** Opening Available data block **

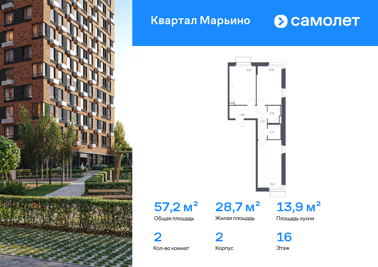 Двухкомнатные квартиры в ЖК «Квартал Марьино»
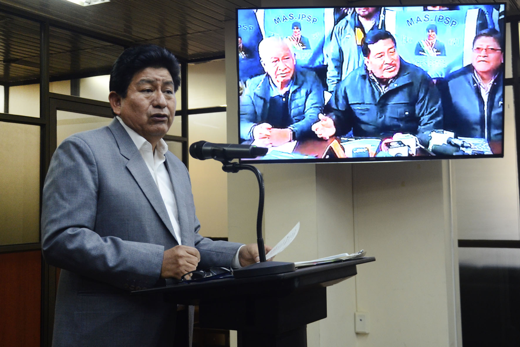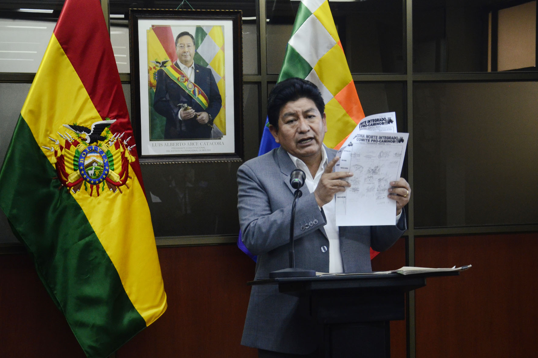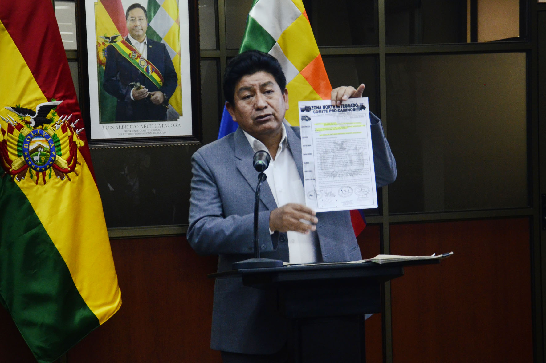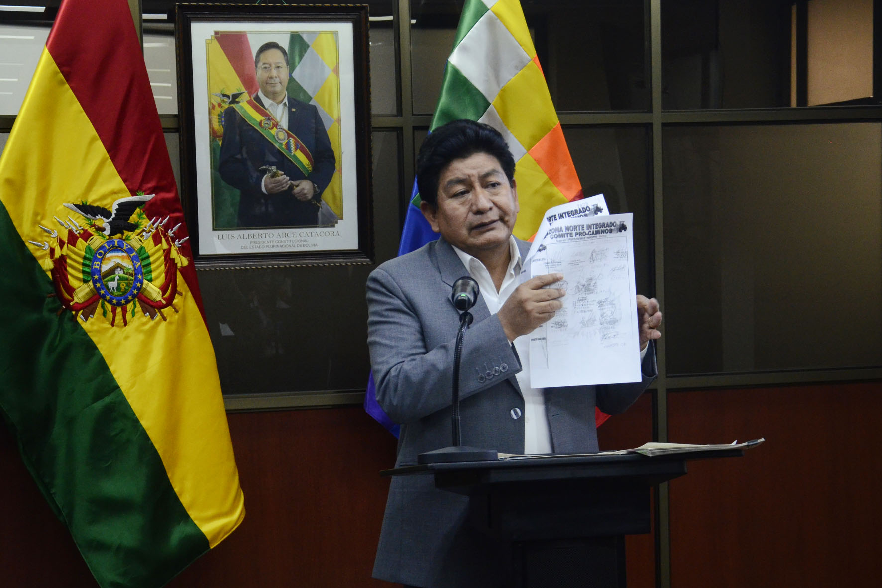 Ministro de Obras Públicas, Servicios y Vivienda, Edgar Montaño brinda conferencia de prensa. Fotos: Freddy Barragán
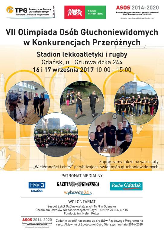 W dniach 15 - 17 września 2017 roku Pomorska Jednostka TPG organizuje VII Olimpiadę Osób Głuchoniewidomych w Konkurencjach Przeróżnych. PJ Towarzystwa Pomocy Głuchoniewidomym otacza opieką osoby z jednoczesną dysfunkcją wzroku i słuchu. Pomagają zarówno w codziennym funkcjonowaniu, ale także w osobistej i zawodowej samorealizacji. Wspólnie z osobami głuchoniewidomymi realizują te cele organizując różnego typu imprezy kulturalne, społeczne, integracyjne.
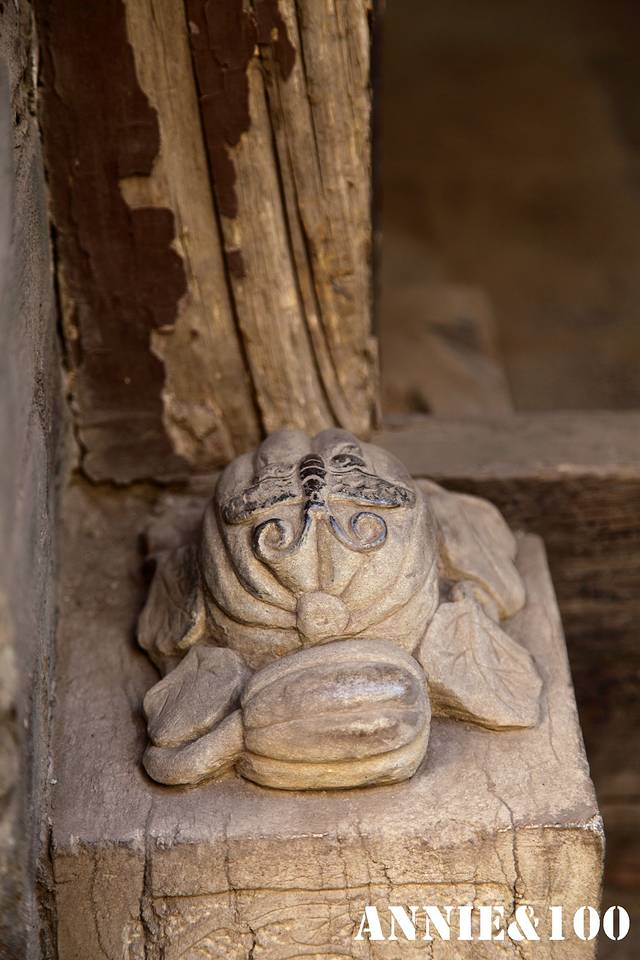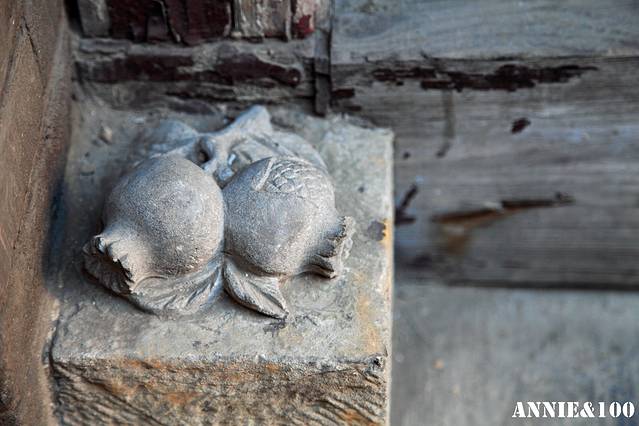 每个门口都有这样的小石雕,这个是南瓜上落着蝴蝶,代表福气满满,富贵的意思
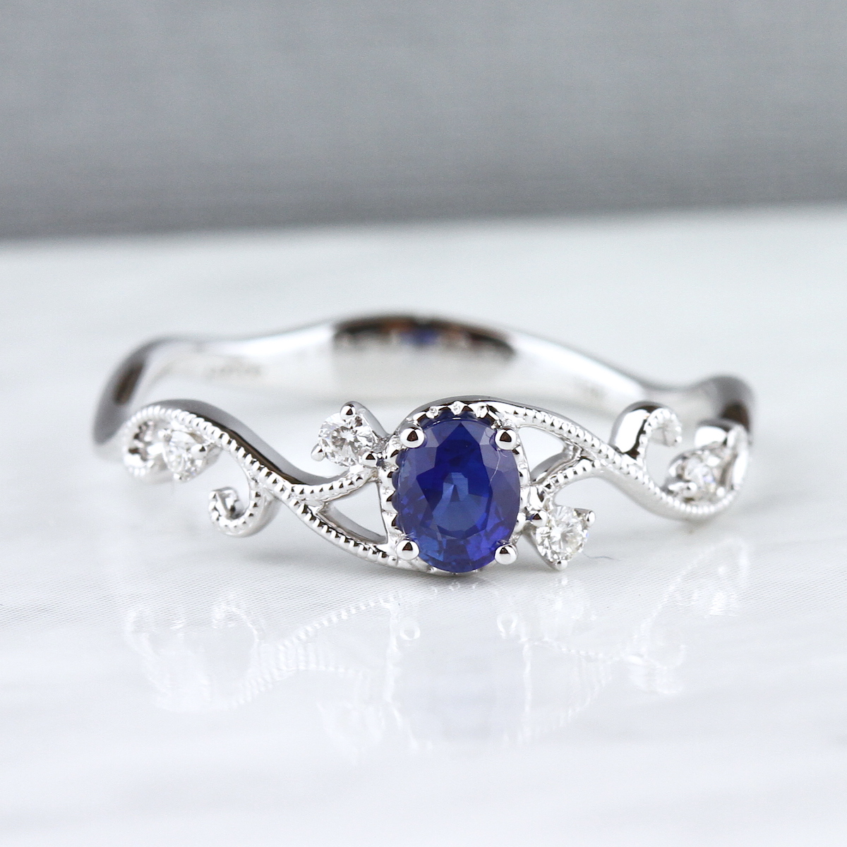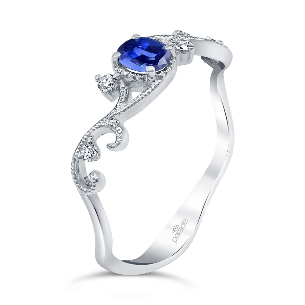 Elegant ring intertwined with nature’s delicate touch featuring a beautiful royal blue sapphire. Available in Platinum, as well as 18K White, Yellow or Rose Gold.
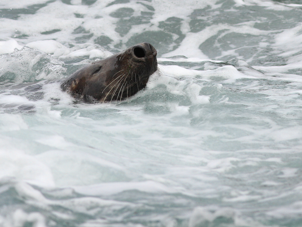 | identification : | tête plate / museau allongé, dans la continuité de la tête = pas de décrochement au niveau du front / narines plutôt parallèles, rondes quand elles ont ouvertes / pelage gris avec des grosses taches (pelage foncé et taches claires = mâle, pelage clair et taches foncées = femelle) |

** Closing Available data block **

**Exercise instructions:** Looking at the listing above, which lines run from the one containing "W dniach 15" through the one containing "Elegant ring intertwined"? Print exactly those, ends included, pictures excluded.

**Exercise result:**
 W dniach 15 - 17 września 2017 roku Pomorska Jednostka TPG organizuje VII Olimpiadę Osób Głuchoniewidomych w Konkurencjach Przeróżnych. PJ Towarzystwa Pomocy Głuchoniewidomym otacza opieką osoby z jednoczesną dysfunkcją wzroku i słuchu. Pomagają zarówno w codziennym funkcjonowaniu, ale także w osobistej i zawodowej samorealizacji. Wspólnie z osobami głuchoniewidomymi realizują te cele organizując różnego typu imprezy kulturalne, społeczne, integracyjne.
 每个门口都有这样的小石雕,这个是南瓜上落着蝴蝶,代表福气满满,富贵的意思
 Elegant ring intertwined with nature’s delicate touch featuring a beautiful royal blue sapphire. Available in Platinum, as well as 18K White, Yellow or Rose Gold.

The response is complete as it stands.